US 12,468,978 B2
	Reinforcement learning in a processing element method and system thereof
Sameer Sadashiv Pawanekar, Indore (IN); and Upendra Narayan Tripathi, Bangalore (IN)
Assigned to US Technology International Pvt. Ltd., Trivandrum (IN)
Filed by US Technology International Pvt. Ltd., Trivandrum (IN)
Filed on Nov. 11, 2021, as Appl. No. 17/454,551.
Claims priority of application No. 202141042994 (IN), filed on Sep. 22, 2021.
Prior Publication US 2023/0087326 A1, Mar. 23, 2023
Int. Cl. G06N 20/00 (2019.01); G06N 5/02 (2023.01)
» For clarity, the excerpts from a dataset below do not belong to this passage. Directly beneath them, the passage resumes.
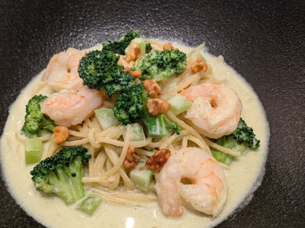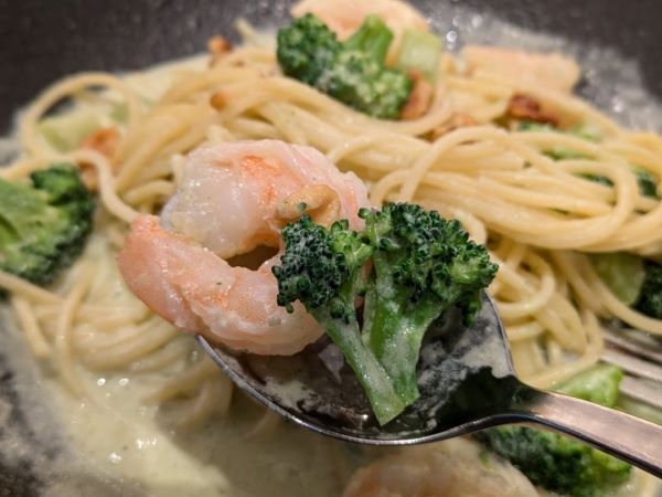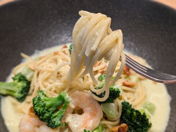 期間中は、限定メニュー「博多ブロッコリーと海老のアンチョビクリーム レギュラー:1,408円 スモール : 990円」「箱崎小町と紅ずわい蟹のペペロンチーノ レギュラー:1,408円スモール : 990円」の2種類登場。また、既存メニュー「ねぎとひき肉 1,408円」にも箱崎小町が使用されるとのことです。(全て税込価格) できたての「博多ブロッコリーと海老のアンチョビクリーム」が運ばれてきました。海老とアンチョビの香りに食欲がそそられます。
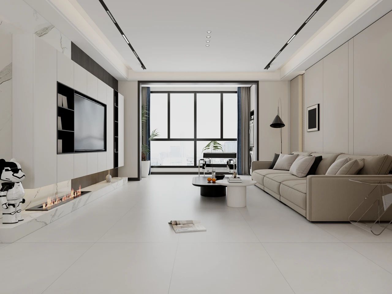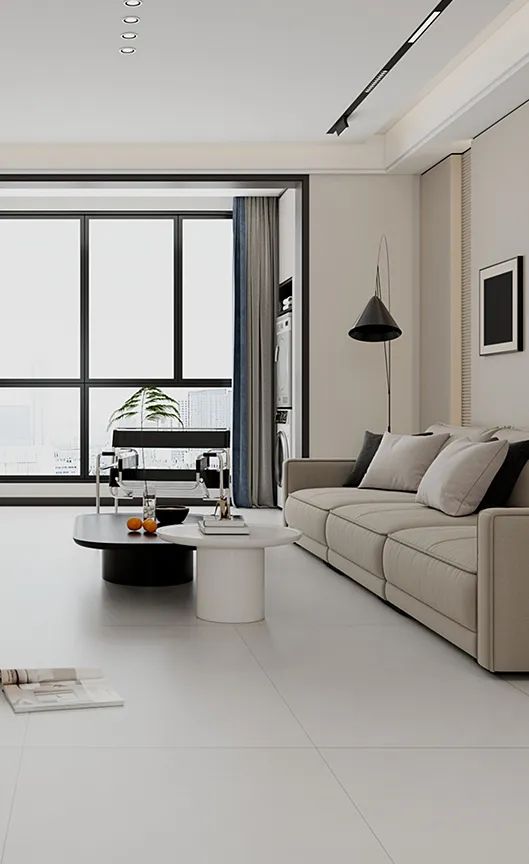 鵲踏枝色調素雅溫馨,750X1500mm黃金比例通鋪地麵,搭配米灰色家具仿佛被陽光包圍,低調中散發著淡淡光芒,讓人不知不覺間沉醉其中。
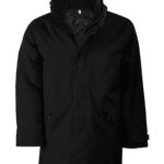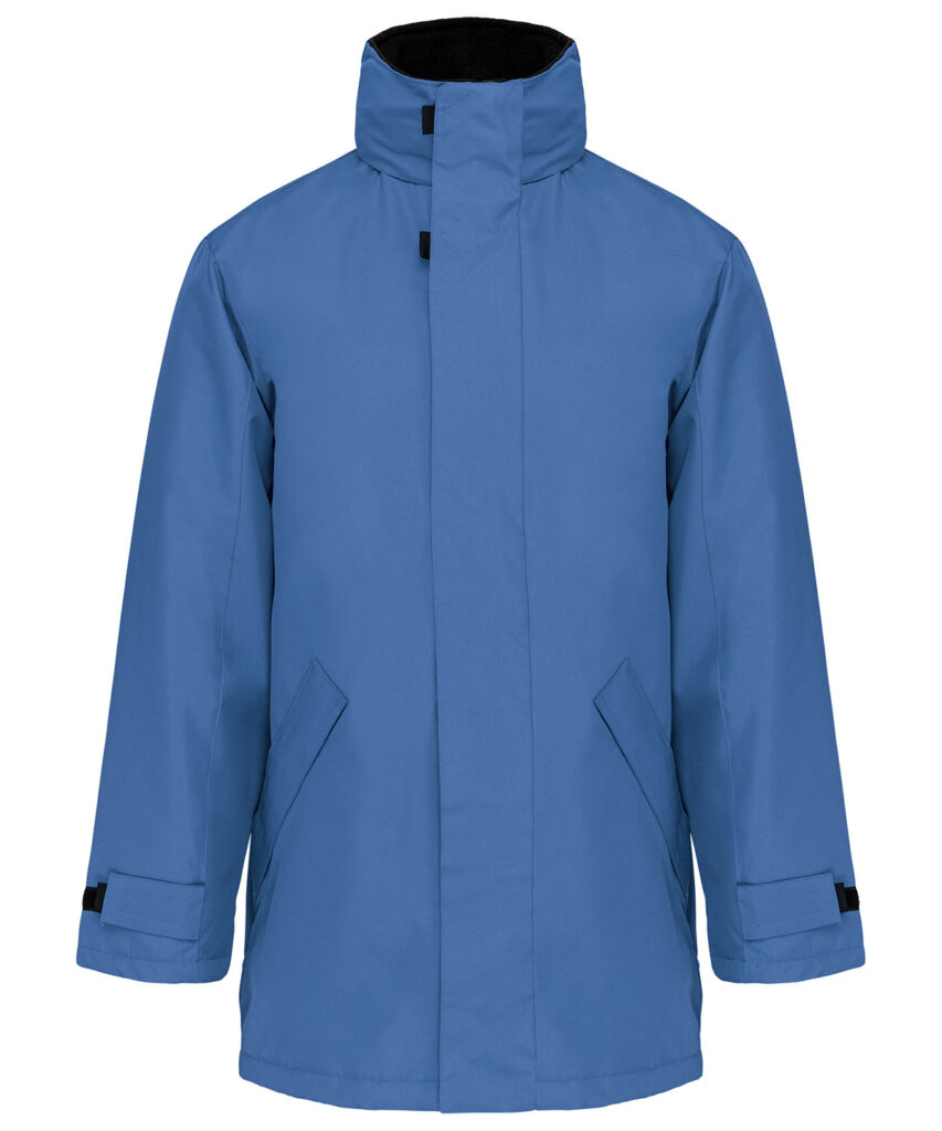100% polyester Oxford outer – quilted polyester padding and lining. Zip fastening with tear release fastening and concealed press studs. 2 zipped outer pockets. 2 inside pockets (1 mobile phone pocket). Concealed hood. Fleece-lined collar. Zip access for decoration.
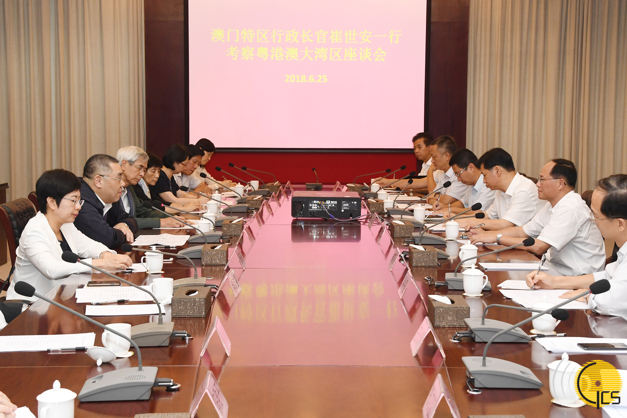 正在江門訪問的行政長官崔世安與江門市委書記林應武會面,共同出席江門-澳門政府座談會。

CPC G06N 20/00 (2019.01) [G06N 5/02 (2013.01)]

12 Claims

1. A method of reinforcement learning in a processing element, the method comprising:

receiving, by a receiving module implemented in the processing element physically arranged in an N×N array structure of processing elements on an integrated circuit, at least one reward;

computing, by a computing module implemented in the processing element, at least one Q-value in a two-dimensional array at time t_n, based on the at least one reward;

storing, by the computing module, the at least one Q-value;

repeating the Q-value computation in a three-dimensional array of the processing element at time t_n+1; and

performing, by a time-division multiplexing module implemented in the processing element, time-division multiplexing to replace the at least one Q-value in the two-dimensional array with at least one Q-value computed in the three-dimensional array, wherein performing the time-division multiplexing comprises mapping the three-dimensional Q-value computation onto a same hardware, of the integrated circuit, on which the two-dimensional Q-value computation is mapped, thereby reducing a silicon area of the integrated circuit.